2010-01-19 21:56:00 | 私鉄
さて、そのような経緯で新博多までの乗り入れを果たした湾鉄であるが、和白以北についてもその存在価値、建設理由は不透明である。「宮地岳線」と名付けられたことから、宮地岳神社参拝客の輸送が主体と考えるべきであろうが、実際は博多-福間-飯塚間を結ぶ路線として、1922年に免許を取得している。

しかし飯塚へ到達することが出来ず、頼みの綱であった石炭輸送が出来ずに資金不足に陥った。その為延伸が実現できず、さらに資金不足に陥る、という悪循環の中で昭和恐慌へと突き進み、結果的に宮地岳という誠に中途半端な場所をせざるを得なくなったと推測するのが妥当であろうか。
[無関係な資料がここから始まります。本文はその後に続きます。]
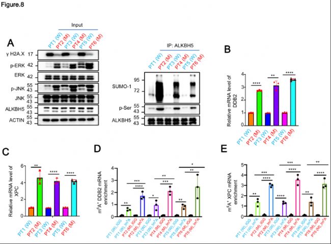圖8:KRAS/ERK/JNK/ALKBH5-PTMs/m6A/DDB2&XPC/核苷酸切除修復信號軸在臨床肺癌患者中頻繁發生
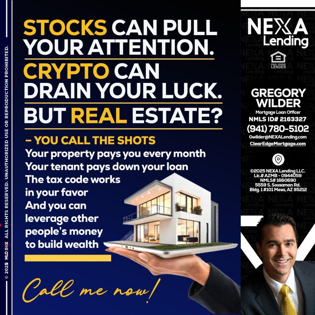 STOCK YOUR - Gregory Wilder -Mortgage Loan OfficerHi, my name is Gregory Wilder. I’m a Loan Officer with Clear Edge Mortgage LLC Empowered by NEXA Mortgage LLC, offering personalized mortgage solutions, fast customized quotes, great rates and service with integrity.
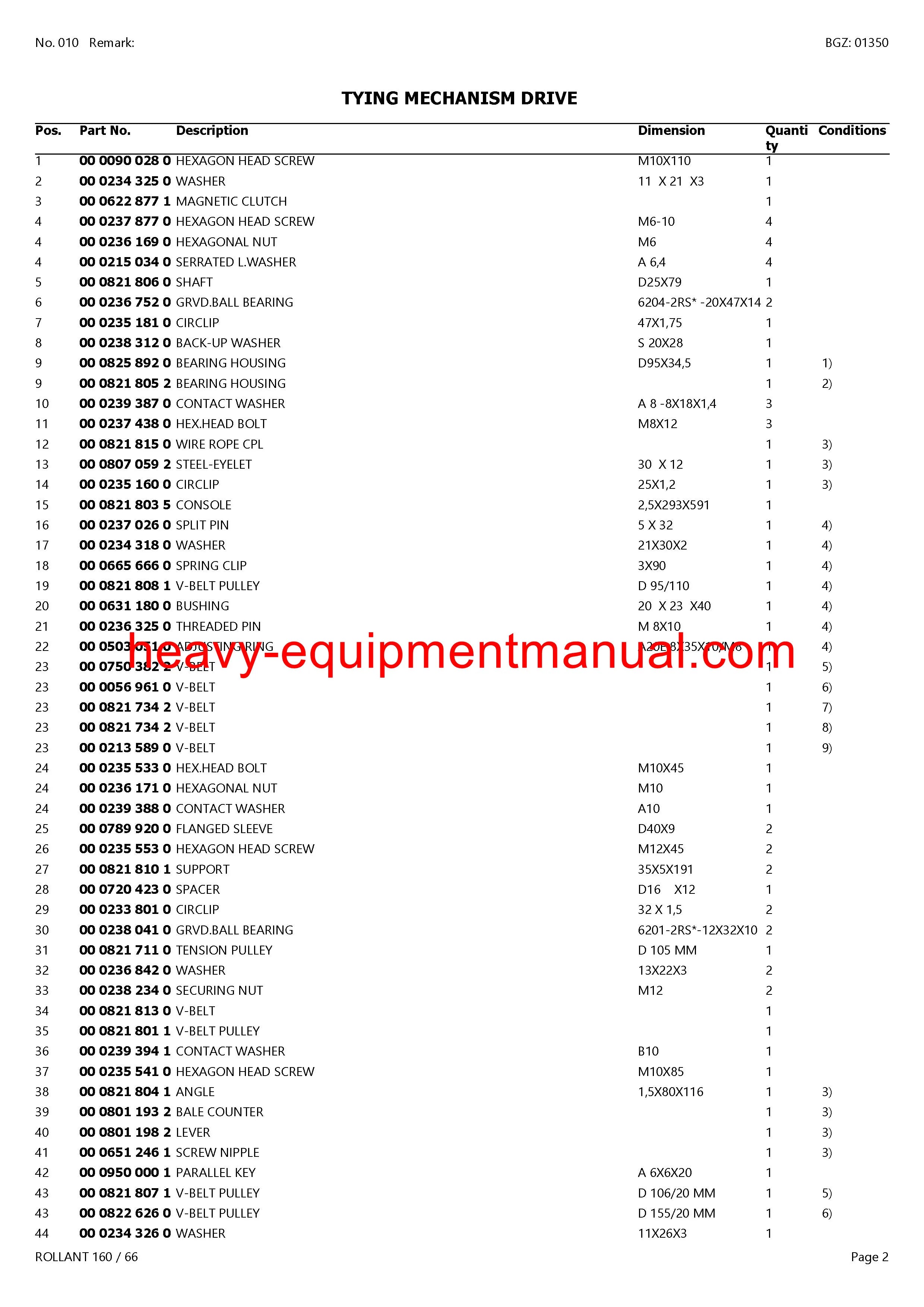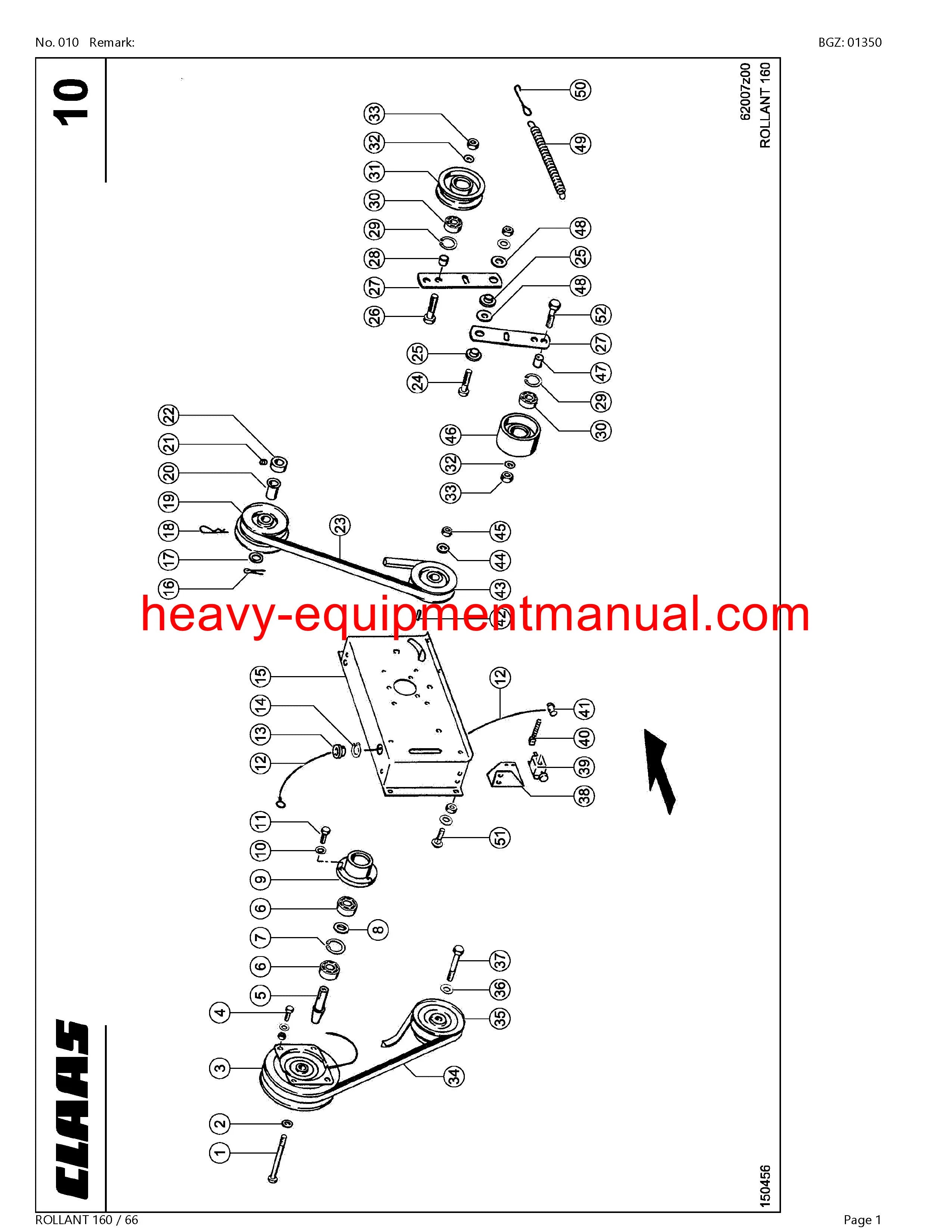 CLAAS ROLLANT 160 / 66 BALER PARTS CATALOG MANUAL SN 00800001-00899999
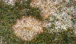 芝生の病気で、初めはリング状の症状が現われ外側が褐色に枯れていきます。梅雨時が最も多発しますので、薬剤散布して予防して下さい。 |
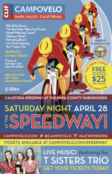 Inspired by the cult-classic, coming of age film Breaking Away and Indiana Universitys Little 500 race, CampoVelo is proud to announce Saturday Night at the Speedway. The feature event of the evening will be a team relay race around the half-mile track. Teams of four will send racers around the track, one at a time, in hopes of becoming the fastest team to get all four riders across the finish line. Instead of a baton to pass in the transition zone, riders will pass single-speed bikes. Prizes will be awarded for first, last, and most laughable! Proceeds from the event will help support the Napa Valley Vine Trail, a non-profit coalition dedicated to building a class 1 paved bike path from Calistoga to the Vallejo Ferry. To date, 19.5 miles have been constructed of the 47-mile plan.
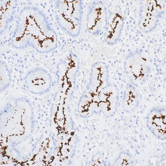 我國(guó)胃癌發(fā)病率居惡性腫瘤第2位,新發(fā)病例68萬(wàn)例,死亡49萬(wàn)例。研究表明:HP感染者均會(huì)引起慢性活動(dòng)性胃炎,在胃黏膜萎縮和腸化生的發(fā)生和發(fā)展中也起重要作用[1],HP感染和胃癌的發(fā)生密切相關(guān),根除HP是預(yù)防胃癌的有效措施。IHC染色特異性強(qiáng)、靈敏度高、陽(yáng)性準(zhǔn)確性高、易于判讀,便于各級(jí)醫(yī)院病理科開(kāi)展業(yè)務(wù),特別適合胃鏡活檢標(biāo)本量較大的情況,值得推廣[2-3]。

宮地岳が終点となったのは、当時沿線において沿線は箱崎町、津屋崎町、福間町以外は全て村であり、人口の集積がある程度あった拠点として、選択したものではなかろうかと考えられる。ただ、宮地岳駅周辺は津屋崎町ではあったものの、津屋崎千軒として名を馳せた津屋崎の中心街へは乗り入れていなかった。これは、前述の通り飯塚へ向かうことを意図して建設された路線であり、津屋崎中心部へはかなりの迂回ルートを取らざるを得ない為、考慮されなかったものと考えられる。

そもそもこの時代の鉄道というものは貨物を運ぶために作られるのが常識であり、貨物輸送の見込めない路線は無価値といっても過言ではなかった。しかし、そんな中に苦境を打破するため、開業2ヶ月後に箱崎宮前仮停留場を設置、宮地岳駅近くに海水浴場を設置するなどの事業の多角化も進めていった。

そして1942年、5社合併により西日本鉄道が成立すると、投資の中心は①北九州線②大牟田線③福岡市内線(②③の順位については異論も多々あろうが)④その他、となり、以前にも増してお荷物的存在となっていく。

この5社合併に関しては、多くの識者が「博多湾鉄道、筑前参宮鉄道の救済合併」の側面を色濃くしたものであると考えられているようであるが、『西日本鉄道100年史』より、合併時の各社の財務内容を見ると、

・平均株価 九軌57.73円、九鉄67.49円、湾鉄69.11円、福博60.07円、参宮63.57円
・総資産利益率 九軌5%、九鉄6.1%、湾鉄7.9%、福博14.7%、参宮9.7%

と、さほど2社の財務内容が悪くないのがわかる(株価の時価総額は資料不足により、解明できなかった)

配当率に関しても、九州鉄道が1938~40年まで無配であったのにもかかわらず、湾鉄は40年下期において9%の配当を実現しているし、当期利益に関しても40年下期の実績においては、九鉄427千円、湾鉄487千円と、数字は遜色なかった。旅客輸送量は九州鉄道の6分の1の水準であったとはいえ、貨物輸送黄金期故に、維持することが出来ていたのである。その後、現・香椎線を分離した後の1949年においても、旅客輸送人員は鉄軌道全体の2.4%に過ぎなかったが、貨物輸送量は52%を占めていたのである。


かつて宮地岳線とともに博多湾鉄道汽船を構成したJR香椎線。和白駅は両線の合流駅であった。